Today’s manufacturing data “brought the focus back onto a stuttering U.S. recovery,” said Richard Hunter, head of U.K. equities at Hargreaves Lansdown Plc in London. “It had looked quite frothy on the back of the weekend’s events but the ISM number turned the market on a sixpence.”
ISM’s factory index fell to 50.9 in July from 55.3 in June. Economists had predicted that the gauge would drop to 54.5, according to the median forecast in a Bloomberg News survey. Figures greater than 50 signal expansion.
President Barack Obama said yesterday that Republican and Democrat leaders in both the U.S. House and Senate had reached an agreement to increase the debt ceiling by at least $2.1 trillion and cut government spending by $2.4 trillion or more. The House planned to vote on the deal today and the Senate may follow.
Lloyds, the U.K.’s largest mortgage lender, sank 5 percent to 41.19 pence. BAE Systems, the arms company that last year made 48 percent of revenue in the U.S., dropped 3 percent to 295 pence.
Laird slumped 15 percent to 159.8 pence, its largest drop since November 2008. Cooper Industries withdrew its proposed offer for the biggest maker of electronic shields for laptops and televisions.

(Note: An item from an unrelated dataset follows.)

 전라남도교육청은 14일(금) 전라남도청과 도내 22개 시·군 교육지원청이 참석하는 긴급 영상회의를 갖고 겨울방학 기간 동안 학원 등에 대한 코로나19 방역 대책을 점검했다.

Kofax Plc tumbled 8 percent to 333 pence. Jefferies Group Inc. downgraded the U.K. maker of image-scanning software to “hold” from “buy” after the company last week said software-business revenue trailed its forecasts.
HSBC rose 2.2 percent to 607.5 pence, the biggest gain since April, after reporting first-half earnings of $9.22 billion, beating analyst estimates of $7.82 billion. The company said it will cut 30,000 jobs as part of a plan to reduce costs by as much as $3.5 billion over the next two years.
Intertek Group Plc, the world’s largest consumer-goods testing company, jumped 3.9 percent to 1,990 pence after revenue and earnings grew. The company predicted higher single-digit sales growth for the full year and increased its interim dividend.
Hammerson Plc, Britain’s third-largest real-estate investment trust, increased 1.4 percent to 472.5 pence after the company said first-half profit excluding items was little changed as higher rents reduced the effect of disposals.
African Minerals Ltd. rallied 4.4 percent to 647 pence after completing an investment accord with Shandong Iron & Steel Group Co.